Many astronauts experience visual impairment following long-term exposure to microgravity. One of the hypothesized mechanisms that leads to these ocular changes is remodeling of the optic nerve sheath due to increased intracranial pressures from exposure to microgravity. 1-carbon metabolites have been shown to be elevated in astronauts with VIIP and have been linked to pathological cardiovascular remodeling. The goal of this study is to develop an in vitro system to culture the optic nerve sheath under increased intracranial pressures and carbon-1 metabolites and monitor the cellular remodeling responses to these conditions. The results will give us a better understanding of the mechanisms involved in this condition and help identify possible interventions to prevent future visual decline in astronauts.
Overview
Effects of Intracranial Pressure And 1-Carbon Metabolites on The Optic Nerve Sheath in VIIP Syndrome (First Award Fellowship)
Principal Investigator:
Julia Raykin, Ph.D.
Organization:
Georgia Tech Research Corporation
Technical Summary
Visual Impairment and Intracranial Pressure (VIIP) Syndrome is a loss in visual function that occurs in some astronauts following long-duration spaceflight.

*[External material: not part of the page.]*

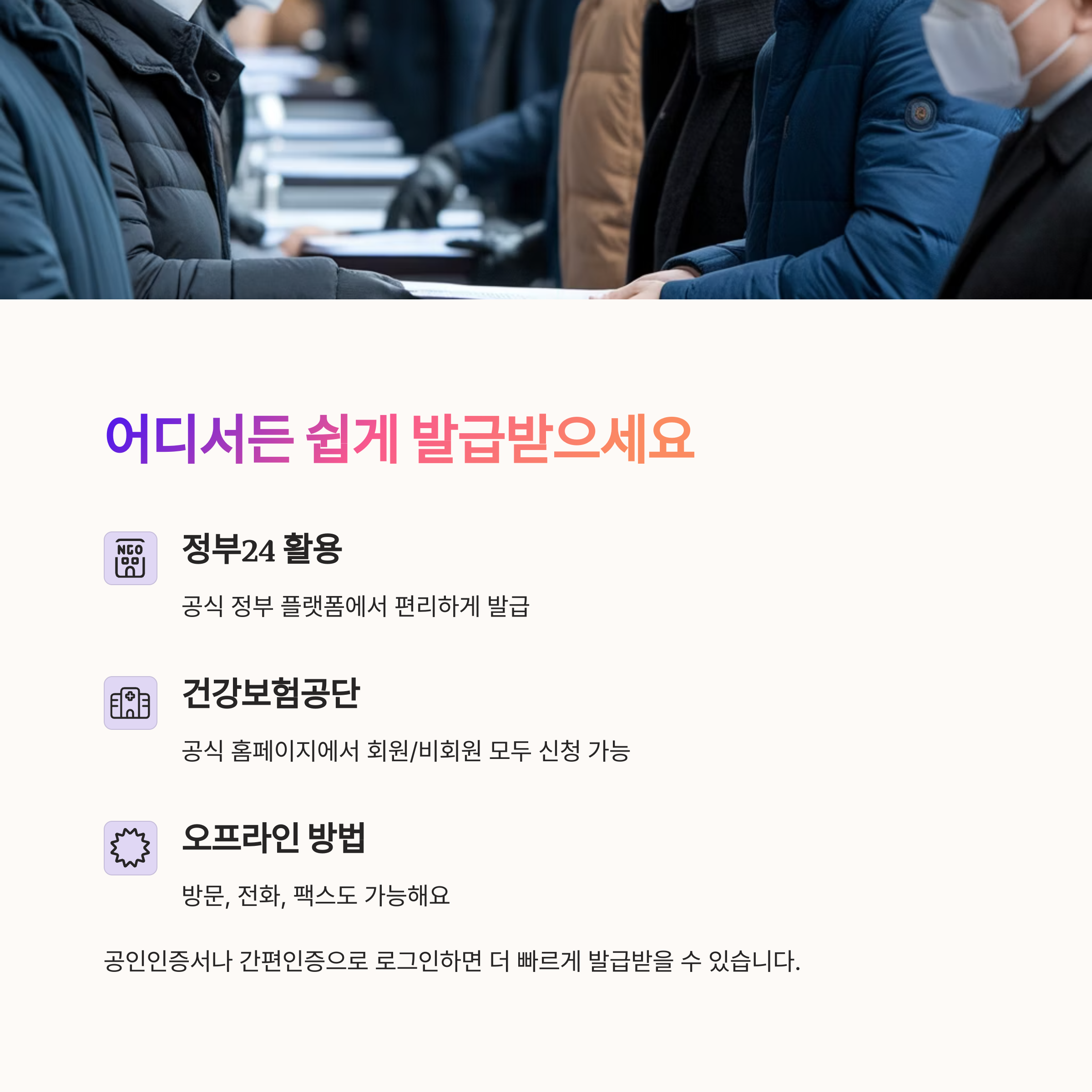 | 어디서 출력하나요? | 정부24 또는 국민건강보험공단 홈페이지에서 가능합니다. |

While the exact pathology of VIIP is not yet known, it is hypothesized that increases in intracranial pressure (ICP) drive optic nerve sheath (ONS) remodeling. Remodeling of the ONS can lead to changes in the normal function of the optic nerve which may in turn reduce visual acuity. In addition, recent evidence suggests that the development of VIIP is correlated with inter-individual variations in the 1-carbon metabolic pathway. These correlations are particularly intriguing because 1-carbon metabolism - and specifically buildup of the metabolite homocysteine - has been linked to pathologic vascular tissue remodeling, suggesting that variations in the 1-carbon pathway may have predisposed astronauts to the VIIP-promoting effects of increased ICP.
The primary objective of this work is to identify the anatomical changes that occur in the ONS in response to altered mechanical loading environments. In addition, this study aims to understand the role of 1-carbon metabolites in these adaptations. The central hypothesis of this work is that the cells of the ONS will remodel the extracellular matrix (ECM) in response to increased pressures and 1-carbon metabolites. In blood vessels, perturbations of stresses from their homeostatic values lead to cellular remodeling of the ECM. For example, in response to sustained increases in pressure, vascular cells synthesize ECM to thicken the vessel and reduce the local stresses on the cells. Therefore, it is hypothesized herein that the cells of the ONS respond similarly in response to increases in ICP.
In the proposed study we will (i) develop an ex vivo system to culture the porcine ONS under different mechanical loading conditions, (ii) characterize the synergistic effects of increased pressures and homocysteine levels on the remodeling of the ONS, and (iii) develop a computational model to describe the remodeling that occurs in response to altered mechanical loads and homocysteine levels. Typical tissue remodeling responses include synthesis of new ECM, increased protease production, and ECM reorganization, leading to changes in the material properties and altered function of the tissue. In the proposed work, these changes will be quantified by looking at collagen production, MMP expression, collagen microarchitecture, and the mechanical properties (stiffness and permeability) of the ONS in response to changes in ICP and homocysteine levels. Following the development of a predictive framework for the changes in the mechanical properties of the ONS, parametric studies will be used to test the effects of various factors on ONS remodeling. By integrating unique astronaut anatomical structures and biochemical profile, the model can become a powerful tool in predicting individualized spaceflight outcomes.
While data obtained from astronauts provides invaluable information on the effects of spaceflight on ophthalmic structures, ex vivo models are particularly useful for isolating the mechanisms specific to each contributing factor. Our major expected outcome is the development of a predictive framework for mechanical- and homocysteine-induced ONS remodeling that can identify VIIP risk factors and possible interventions. The model can then be customized for each astronaut prior to spaceflight to predict individual microgravity-induced outcomes.
Earth Applications
The results of this research could be used to help patients suffering from increased intracranial pressure. The purpose of this work is to identify the remodeling responses to increased intracranial pressure in the optic nerve, which can help in identifying possible interventions to mitigate the effects of the increased pressure. In addition, 1-carbon metabolites may play an important role in the remodeling response of the optic nerve. Health care providers could monitor levels of 1-carbon metabolites to predict individual responses to raised intracranial pressure.